The Prisma Query Engine is indeed written in Rust :D


500ms seems high for a cold start for a proxy layer. Is there anything I’m missing? JVM is pretty awful at cold starts but with graalvm I got a pretty big micronaut project starting in ~80ms.


Another way to do sqlite over S3 is:

- https://github.com/uktrade/sqlite-s3vfs (Read/Write) - https://github.com/michalc/sqlite-s3-query ( Read Only)


Slightly off-topic: according to what I read, it is a lightweight proxy written in golang that is capable of starting a vm when receiving network traffic and 10 seconds after the last request it turns off the fly machine.

I've been looking for something similar for some time to use in my development docker instances (specifically with dokku). I have many services that, although they consume little CPU time, they do have a high overall consumption of RAM, but they are actually used for a few minutes each day.

I don't want to use kubernetes for this as it adds too much complexity for the benefit I would get.

Do you know any solution similar to this, to turn on / off docker containers when network traffic comes in?


I'd love to say that the most interesting thing here is Fly Machines (i am bias) but really it's SQLite, which, no matter what platform you're using, makes it architecturally simpler to scale up and down, since you don't have to scale a database server up and down with your workload; the database is embedded in the app, which already had the scaling logic.

People have been sleeping on SQLite and are starting to wake up and I'm kind of psyched to see what else they come up with (another very cool example of a software tool that really plays to SQLite's strengths is Datasette: https://datasette.io/).
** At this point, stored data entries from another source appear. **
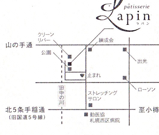 宮の沢駅からの道順:西友前の通りを山に向かって(平和方面)上がっていき、ローソンを左折、まっすぐ進んで右側小道5本目を右折、止まれ標識がありますので左折後突き当たりを右折(正面に川右手に公園)角の白い3階建ての1階
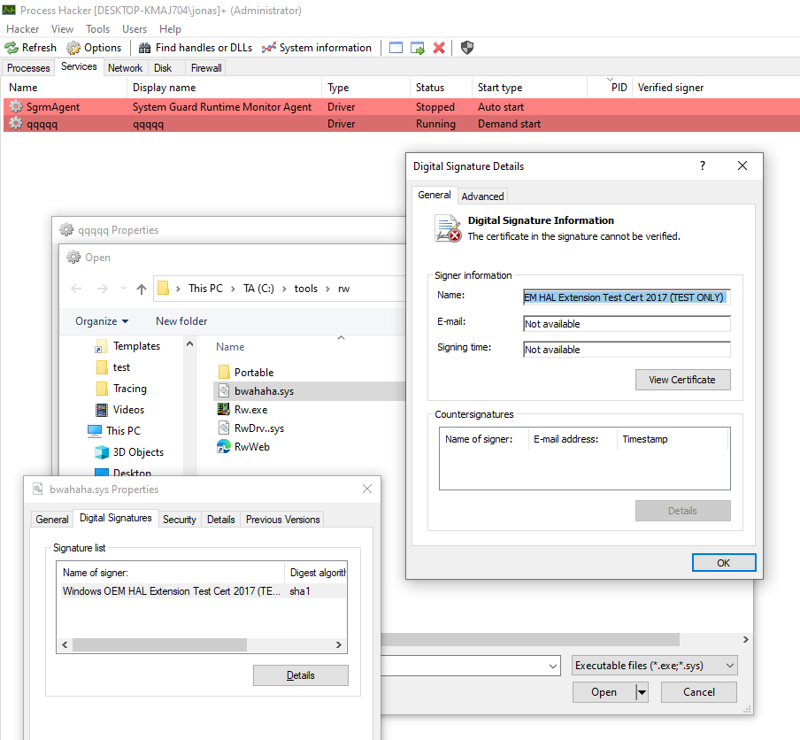 hah- this did not take long, I can now attach kernel debugger with every possible security feature enabled. just a elegant jump around all the bs buzzword security feature nobody wants anyway. I can also load any driver and tpm 2.0 do not have a clue! DIDNT EVEN NEED BOOTKIT!!!pic.twitter.com/YDsSlnJE05
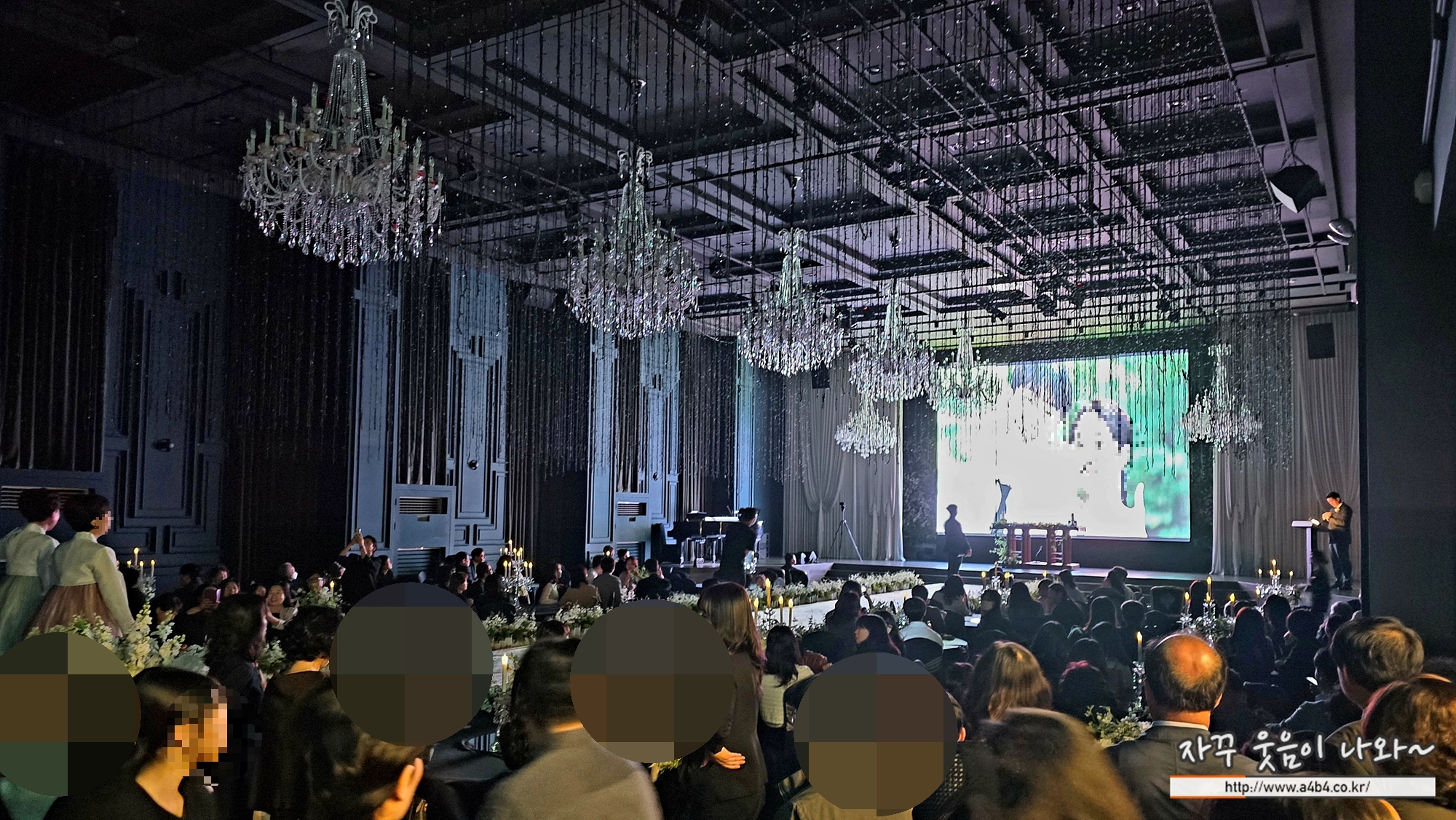 식 시작전에 잠깐 웨딩홀 들어가봤네요. 일반적인 웨딩홀과 구성은 유사합니다. 아주 큰 특색이 있거나 그렇지는 않고요. 조잡하거나 다소 오버하는 분위기도 아니고 결혼식 분위기에 맞게 차분하고 안정적인 분위기를 보여줍니다.

As soon as you start scaling the app beyond 1 replica, you have to handle data replication again


Not necessarily. For instance, Firebase's Realtime Database doesn't scale vertically or horizontally. The only option is to create additional, entirely independent databases. It's up to the application developer to implement some type of sharding scheme.


Of course.


pocketbase is great, I used it in several personal projects, and I really like it

https://github.com/pocketbase/pocketbase

PocketBase is an open source Go backend, consisting of:

  * embedded database (SQLite) with realtime subscriptions

  * built-in files and users management

  *convenient Admin dashboard UI

  *and simple REST-ish API


How are they handling real time subscriptions? Like, how do they figure out when a row is updated? Postgres has replication functionality, but how are they achieving same with SQLite?


The document for pocketbase's realtime is: https://pocketbase.io/docs/api-realtime/

The Realtime API is implemented via Server-Sent Events (SSE). Generally, it consists of 2 operations:

  * establish SSE connection

  * set client subscriptions
SSE events are sent for create, update and delete record operations.
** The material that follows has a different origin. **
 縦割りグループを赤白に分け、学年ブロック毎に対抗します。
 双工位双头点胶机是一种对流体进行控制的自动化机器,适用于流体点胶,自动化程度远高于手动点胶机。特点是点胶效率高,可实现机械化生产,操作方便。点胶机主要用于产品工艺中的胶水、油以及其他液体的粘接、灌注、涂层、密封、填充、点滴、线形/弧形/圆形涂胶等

Pocketbase is mainly a single application with SQLite embedded, so, whenever you update records through PocketBase's API, the main application always knows that.
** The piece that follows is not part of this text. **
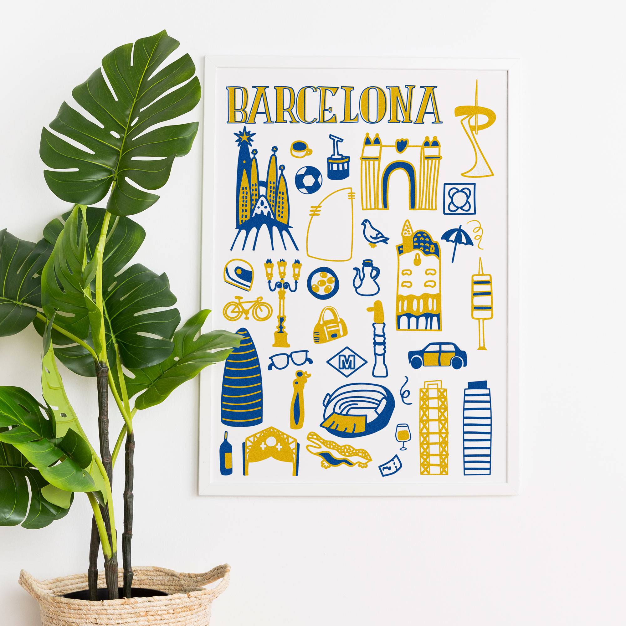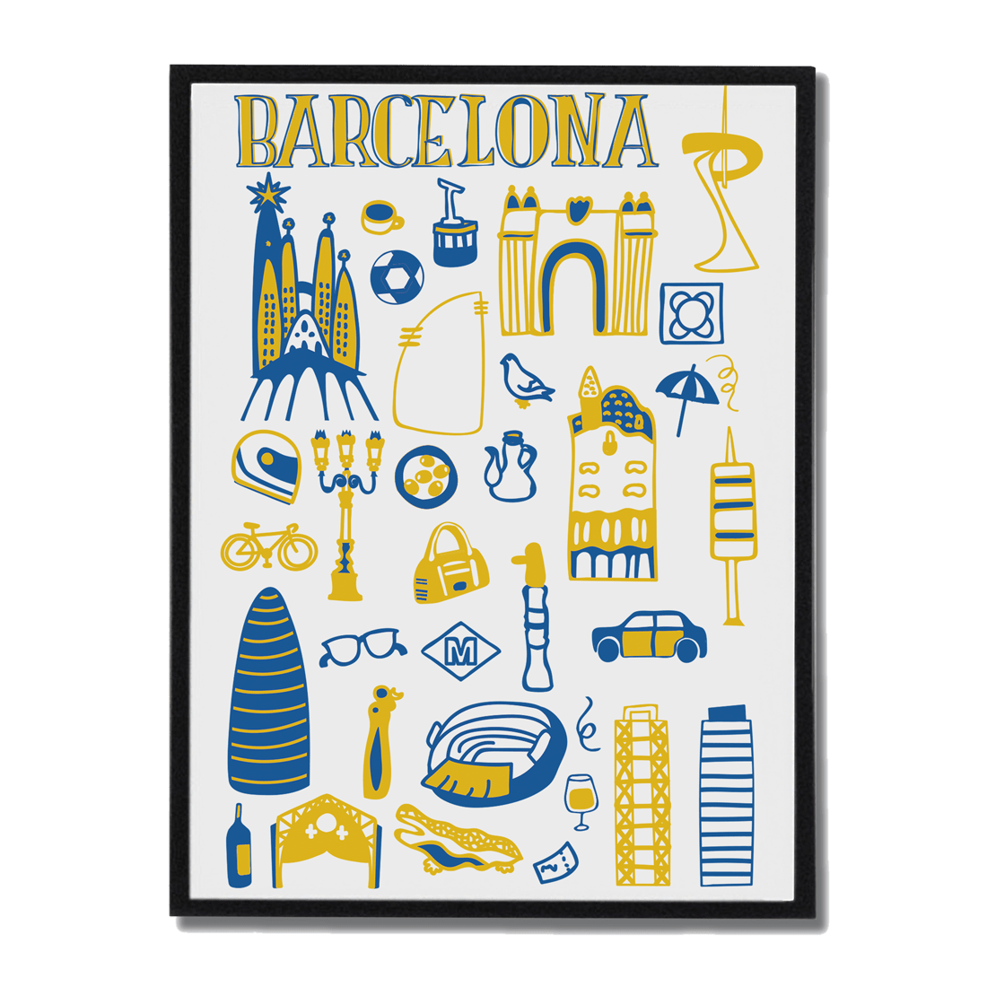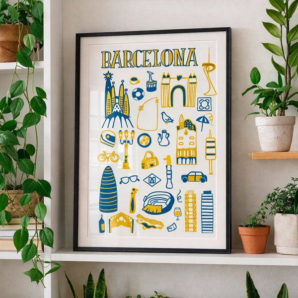 Póster ilustrado con los elementos más representativos y emblemáticos de Barcelona. Una lámina divertida y detallada que captura la esencia de la Ciudad Condal.

This is different with postgres, since it may be connected by several different applications/servers remotely.


> Like, how do they figure out when a row is updated?

AFAICT because you can only update a row via the UI, it's easy to tell when a row is updated.

But if you're talking about raw SQLite, there's [1].

[1] https://www.sqlite.org/c3ref/update_hook.html


Serverless database. Loving it! Good-luck!


Welcome to the serverless era: https://aws.amazon.com/rds/aurora/serverless/


Wasn’t familiar with serverless Aurora, thanks!


>I do not recommend to expose WunderBase to the public internet. The intended use case is to run it on a private network and expose it to your frontend via an API Gateway, like WunderGraph!

My SEC team felt a disturbance in the force from me even considering this on our internal network. Security should not be a secondary consideration for a DB!


Seeing how many MongoDB instances were running wide open to the internet despite calls to not do so, your concern is certainly valid.